Yes, I remember driving around along some very long and dull interstates through swampland in the southern US with my parents back in 1978. Whenever there was a hill or a bend in the road ahead, we used to say, “Maybe there’ll be a town or anyting else interesting behind the hill/bend”, but usually there was just more swampland. Though a lot of the highways in North and East Germany are also very dull. A27 must be one of the dullest highways, since it’s basically Cuxhaven, a lot of fields and wind turbines, Bremerhaven, yet more fields and wind turbines and the occasional forest, Bremen, where the A27 crosses the A1, even more fields and wind turbines and forests, Verden, more fields and forests and wind turbines, until the A27 finally meets the A7, where you usually drive straight into a traffic jam. Highway A28 from Bremen to the Dutch border is also very dull with Oldenburg and the Emstunnel at Leer the only interesting bits. Even the A1 is quite dull down to Münster or so, since it’s mostly fields, forests and wind turbines and the occasional roadside shopping or industrial park with the Dammer Berge bridge restaurant literally the most interesting sight along the route.
The Solingen sword sounds like a very cool family heirloom. Many of my kitchen knives are made in Solingen, because these knives literally last forever. Some of them are from parents and probably more than fifty years old.
The Second German Empire clearly had a “nation building via putting monuments on mountain tops” policy, since there are so many of them. For lack of mountains, North Germany has comparatively few, though Hamburg has a delightfully gay Art Noveau Bismarck monument, where Bismarck is standing on a pedestal held up by naked muscular men, since the sculptor really liked sculpting musculas naked men. Sadly, it was much neglected and graffiti covered last time I was there, probably because Bismarck is considered politically undesirable these days. A bit closer to home in Teufelsmoor, there is the Niedersachsenstein, a WWI war memorial shaped like a giant brick eagle which they planted on the highest hill they could find in the area. I must really visit that one someday, because even though we were in Teufelsmoor a lot, when I was a kid, I’ve never actually been there.

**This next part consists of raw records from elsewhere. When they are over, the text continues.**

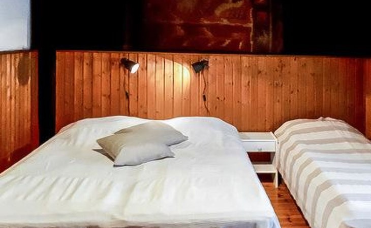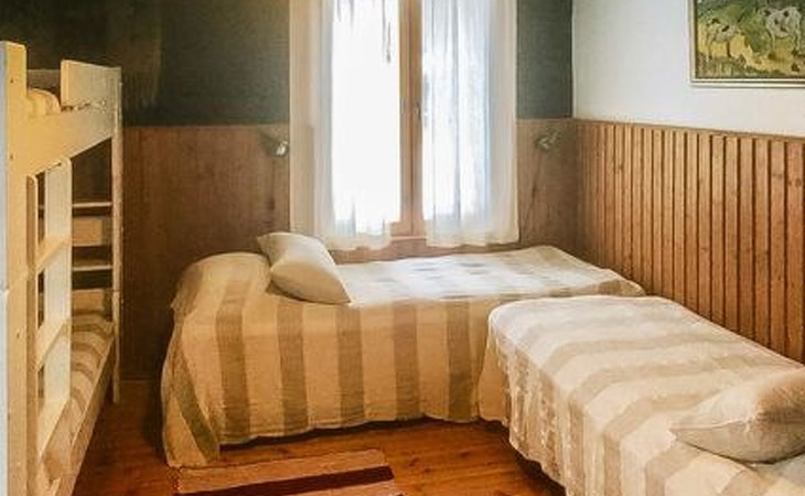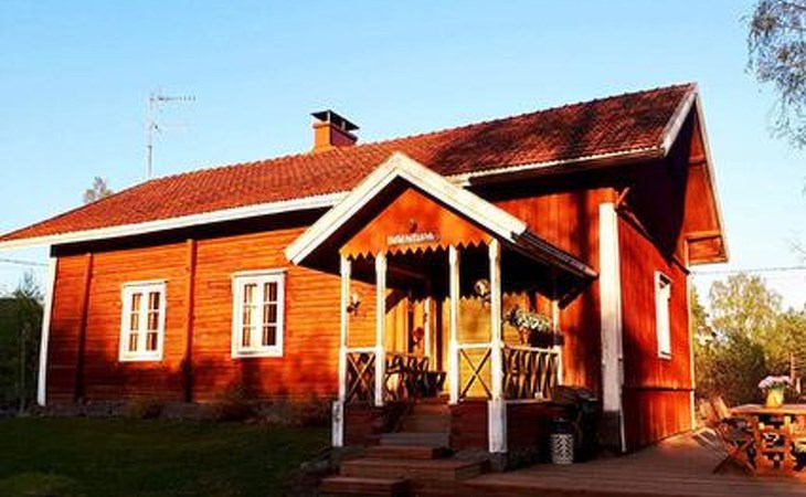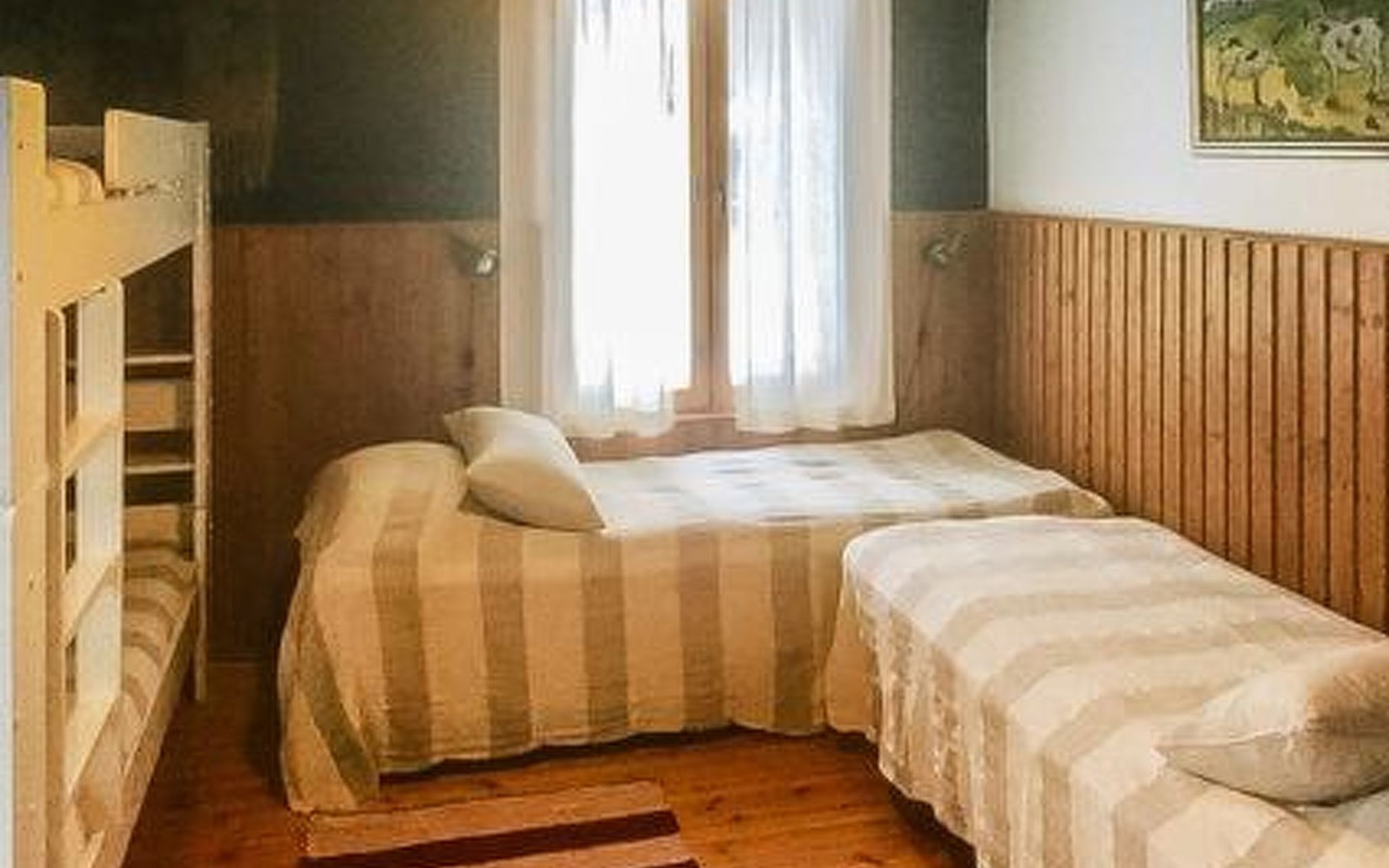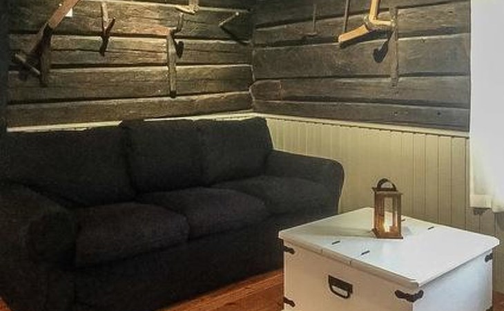 Log house 1888, renovated 2000 and 2018, kitchen-living room sofa bed, a bedroom with three beds and a bedroom with two beds and a bunk bed, sauna (electric stove), shower room, entrance hall, wood storage shed, porch, patio.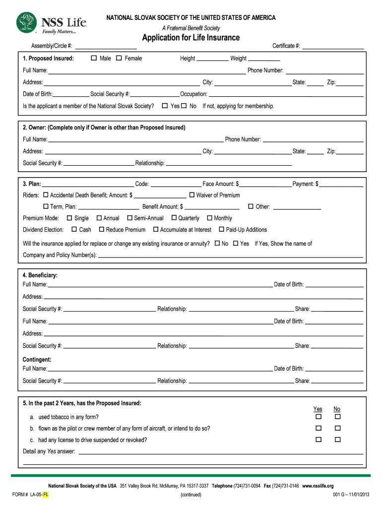 NATIONAL SLOVAK SOCIETY OF THE UNITED STATES OF AMERICA A Fraternal Benefit Society Application for Life Insurance Assembly/Circle #: Certificate #: Male 1. Proposed Insured: Female Height Weight
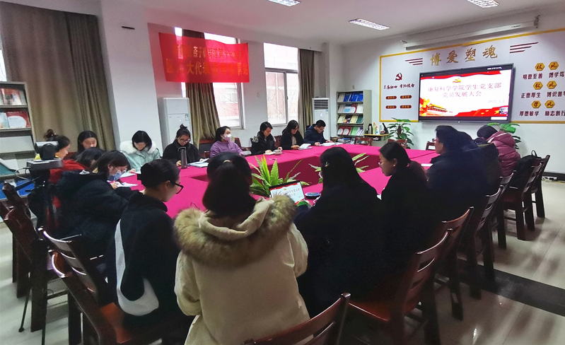 1月5日,康复科学学院学生党支部召开党员发展大会。参加会议的有康复科学学院党总支书记吴洪菊、党总支副书记吴填、学生党支部全体党员及入党介绍人,会议由学生支部书记王雪梅主持。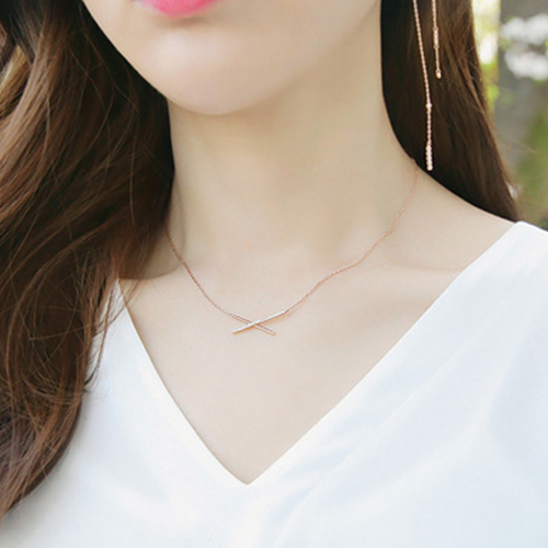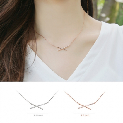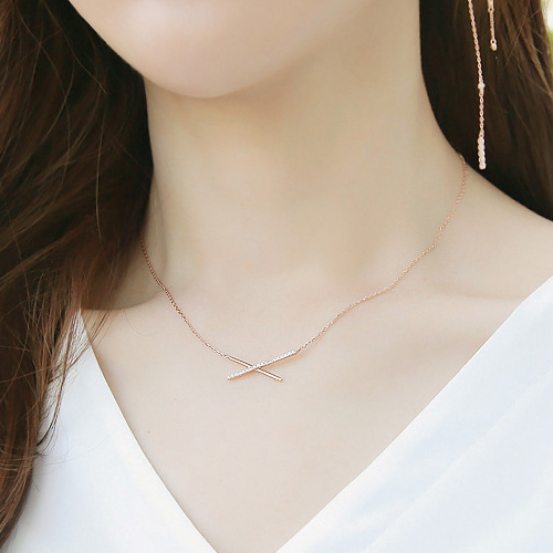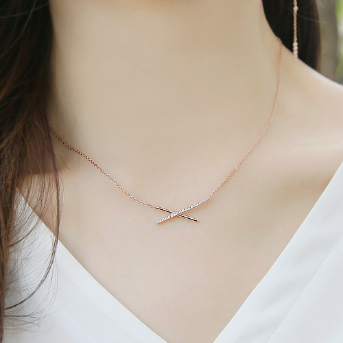 Fashion Rhinestone Cross Pendant All-match Necklace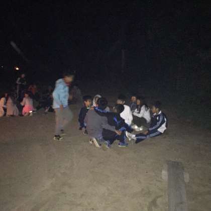 キャンプファイヤーを囲んで、「アブラハムの7人の子」「ぴよぴよちゃん」「鬼のパンツ」「猛獣狩り」などのゲームや歌を楽しみました。
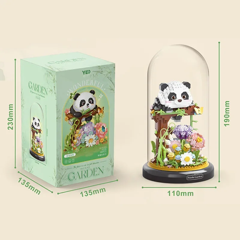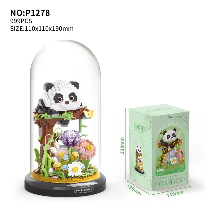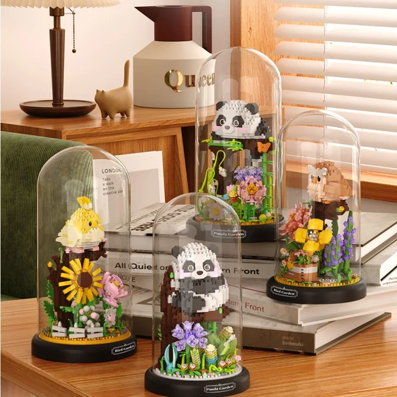 Flower Bouquet Dust Cover Panda Set Building Blocks Bonsai Collection Cute Animal Educational Toys Model Kids Christmas Gift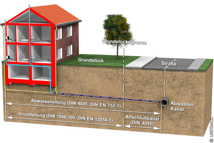 Die Rohrleitung der Grundstücksentwässerung bezeichnet man als Abwasserleitung nach DIN 4045 [DIN4045:1985] : Leitung zwischen Entwässerungsgegenständen und der Grundstücksgrenze bzw. der letzten Reinigungsöffnung (z.B. Übergabeschacht) auf einem Grundstück.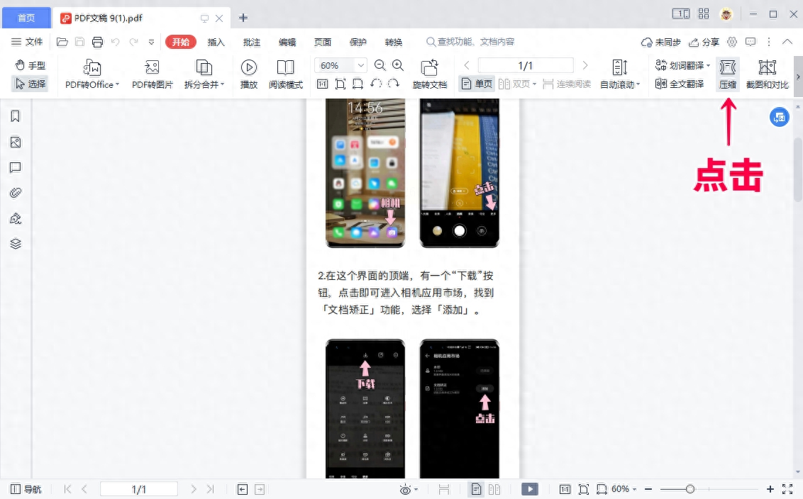 步骤二:在顶部菜单栏找到“开始”选项卡,下方工具栏中会出现“压缩”按钮,点击即可触发压缩功能。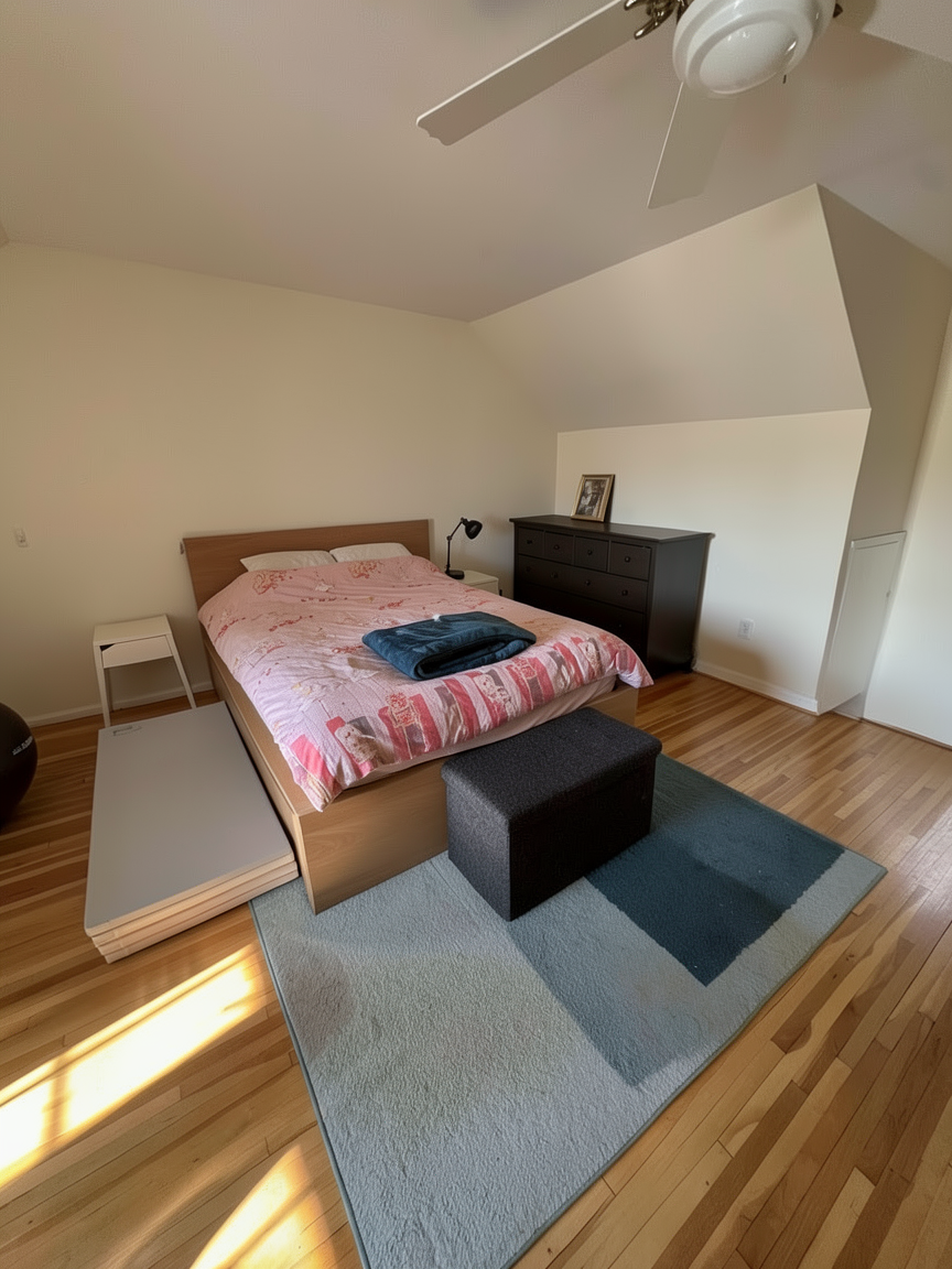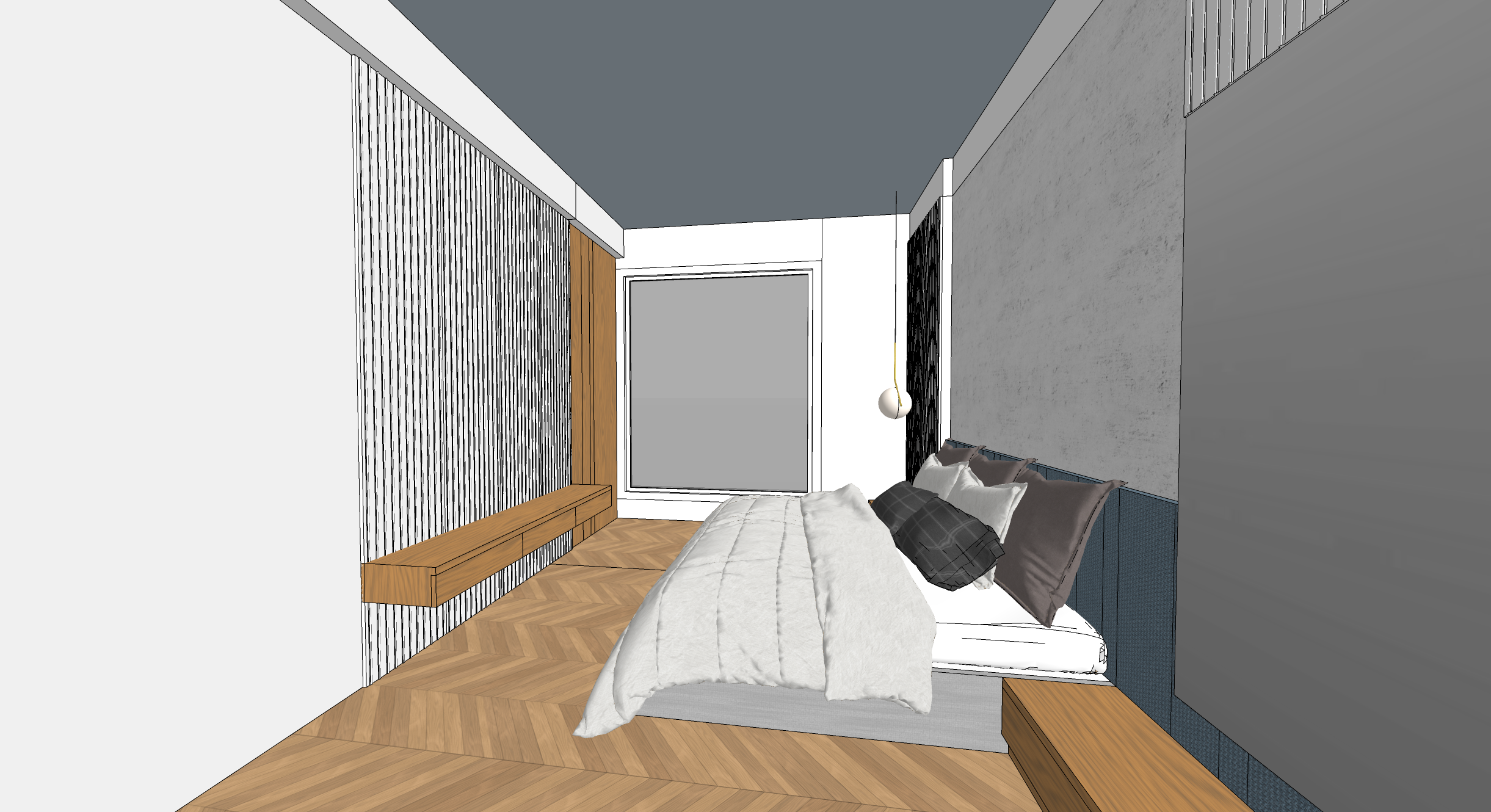 realistic rendering of modern bedroom with beautiful view thru the window which has translucent curtains i will be looking at buildings and sunset as the apartment is on the 13th floor

Also in accessible distance, there is the Kaiser Wilhelm monument at Porta Westfalica, another monument I’ve never actually seen up close, because my Mom got sick there during a school trip sometime in the 1950s and flat refused to ever visit the monument again. A bit further afield, we have my absolute favourite giant dude on a hill, namely the Hermann monument in the Teutoburg Forest, dedicated to the Cherusci chieftain Arminius, who kicked the Romans out of Northern Germany in the Varus battle in 9 AD. Of course, he’s in the wrong location – the actual battle took place in Kalkriese roughly a hundred kilometers further north – but I’ve always loved this goofy looking guy with a winged helmet holding up his sword on a hilltop in the middle of nowhere. I must really pay him another visit.
Looking forward to more of your adventure!
The con itself and the way back, complete with a stopover at the beautiful medieval town of Tecklenburg, are coming in the next few days.